It doesn't look good for Airfix. Although they've had a speckled history with quality molds, nevertheless, I spent many a day as a child working on their kits. They will be missed.....
http://www.theregister.co.uk/2006/08/31/rip_airfix/
There's been a certain amount of teary-eyed nostalgia this morning down at Vulture Central at the news that the firm behind plastic model legend Airfix has gone into administration.
According to The Evening Standard, the company was formed in 1939 by Hungarian-born Nicholas Kove. At the height of its powers during the sixties, Airfix shifted 350,000 Spitfires, 80,000 Hurricanes and 60,000 Lancasters a year, but by last year sales were down to a third of that level.

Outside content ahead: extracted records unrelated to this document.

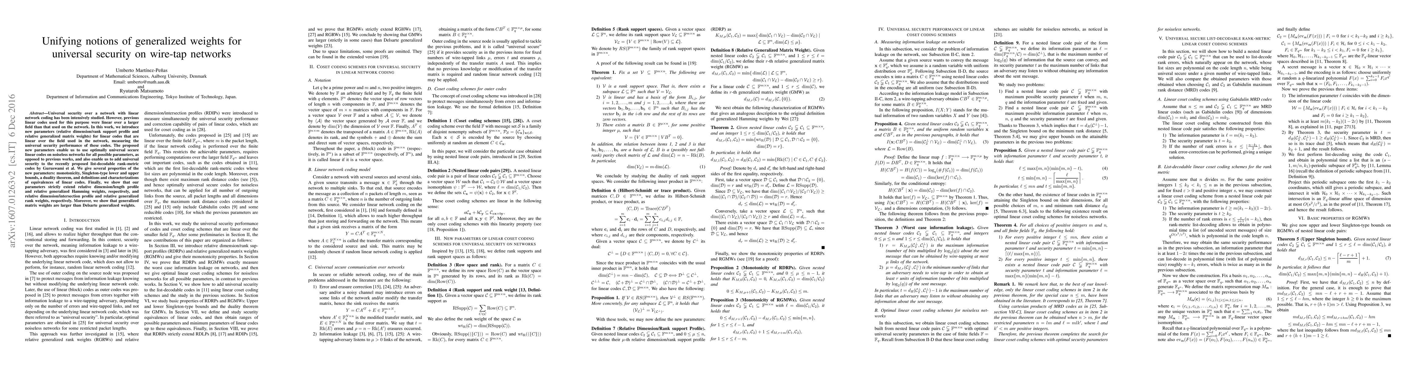 Universal security over a network with linear network coding has been intensively studied. However, previous linear codes used for this purpose were linear over a larger field than that used on the network. In this work, we introduce new parameters (relative dimension/rank support profile and relative generalized matrix weights) for linear codes that are linear over the field used in the network, measuring the universal security performance of these codes. The proposed new parameters enable us to use optimally universal secure linear codes on noiseless networks for all possible parameters, as opposed to previous works, and also enable us to add universal security to the recently proposed list-decodable rank-metric codes by Guruswami et al. We give several properties of the new parameters: monotonicity, Singleton-type lower and upper bounds, a duality theorem, and definitions and characterizations of equivalences of linear codes. Finally, we show that our parameters strictly extend relative dimension/length profile and relative generalized Hamming weights, respectively, and relative dimension/intersection profile and relative generalized rank weights, respectively. Moreover, we show that generalized matrix weights are larger than Delsarte generalized weights.
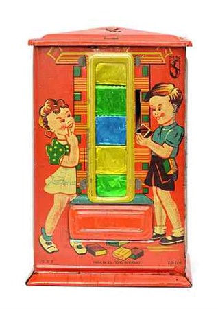 | "Warenautomat" von Michael Seidel: Nach Einwurf einer Münze gibt die Spardose ein Stück Schokolade frei... - mehr Spardosen HIER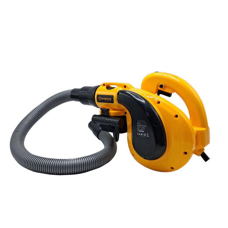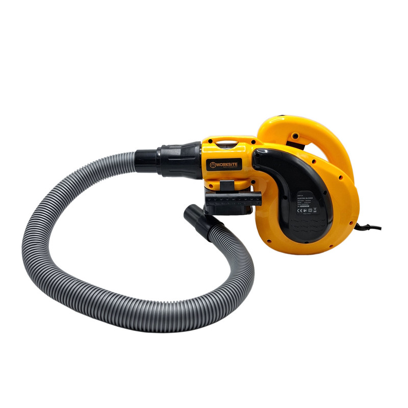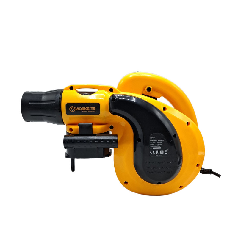 بلوور برقی ورک سایت وسیله ای جهت دمش هوا با قدرت بالا میباشد. این دستگاه عمدتا جهت پاکسازی محیط های مختلف استفاده بسیار بالایی دارد. بلوور برقی ورک سایت مدل EBR134 قابلیت چرخش فن از 3000دور در دقیقه تا 13000 دور در دقیقه را دارد تا هوا را با سرعت بالا به میزان 0 – 3.5 متر مکعب در دقیقه بدمد. این دستگاه دارای قدرت 800 وات میباشد تا عملیات دمندگی به راحتی و بدون فشار به دستگاه انجام شود. همچنین میتوان از این دستگاه جهت مکش نیز استفاده نمود. مهمترین ویژگی و وجه تمایز این دستگاه، وجود دیمر (کلید تغییر سرعت دمنده گی) بر روی خود بدنه میباشد تا کاربر حین کار با این دستگاه براحتی میزان دمش هوا را تنظیم نماید و نیازی به خاموش نمودن دستگاه جهت تنظیم مقدار دمش هوا نباشد. در مسیر دمش این دستگاه میتوان از لوله لاستیکی این دستگاه که داخل بسته بندی آن وجود دارد استفاده نمود تا دمش هوا متمرکزتر انجام شود و همچنین دستگاه دورتر قرار گیرد تا گرد و غبار نزدیک به کاربر نشود. این بلوور (دمنده/مکنده) دارای کلید قفل کن میباشد تا در هنگام کار برای مدت طولانی، کاربر این کلید را فشار داده و بطور طولانی و مداوم از این دستگاه استفاده نماید. تمامی مراحل ساخت موتور این دستگاه از قبیل لاک گیری، بالانس، سیم پیچی و… در آرمیچر و بالشتک این دستگاه با استفاده از دستگاه های تمام اتوماتیک مطابق با آخرین فناوری روز دنیا تولید شده تا عمر مفید دستگاه به حداکثر برسد. بعلت دور بالای این دستگاه از بلبرینک با کیفیت و تقویت شده در این دستگاه استفاده شده است. این دستگاه دارای طراحی ارگونومیک جهت خوش دستی و راحتی کاربر در حین کار طراحی شده و همچنین بدنه این دستگاه دارای عایق دوبل و از جنس PA6+GF30 که بهترین مواد جهت ساخت بدنه ابزار آلات برقی میباشد استفاده شده است. این دستگاه دارای کیسه جمع کننده گرد و غبار جهت جمع آوری گرد و غبار نیز میباشد.

Airfix's decline has been a protracted affair. It went into receivership in 1981 as enthusiasm for modelling waned. It was bought by MPC and the kit moulds and tools transferred to French company Heller. In 1986 it was acquired by Humbrol, which struggled to compete against the rise of TV, computer games, and the internet as kids' leisuretime activities of choice. A management team appointed in December 2005 failed to stop the rot. Administrators moved in to Hull-based Humbrol Ltd yesterday.
Bill Bond, of the Battle of Britain Historical Society, lamented: "It is a great shame. I remember building these models as a teenager. Spitfires were my favourite, like all children. For tens of thousands of boys this will have been integral to their childhood. I suppose it is a sign of the times. Spitfires are no longer fresh in the memory are they? Children now have PlayStations and computer games."
Sadly, the Airfix Spitfire is no more. Thirty-one of the company's 41 employees were last night made redundant after "severe cash flow pressures" and disruption of supplies from Heller - itself now insolvent - finally shot down the company.
Former Airfix sales representative Chris Rumball said: "The French wouldn't release any of the tools to us and now it has just brought us down with them."
The Airfix name may, however, live on. Keith Hinds of Grant Thornton, which is handling the administration, said: "The brand names and intellectual property of the business are potentially very valuable and we are looking to sell those to investors."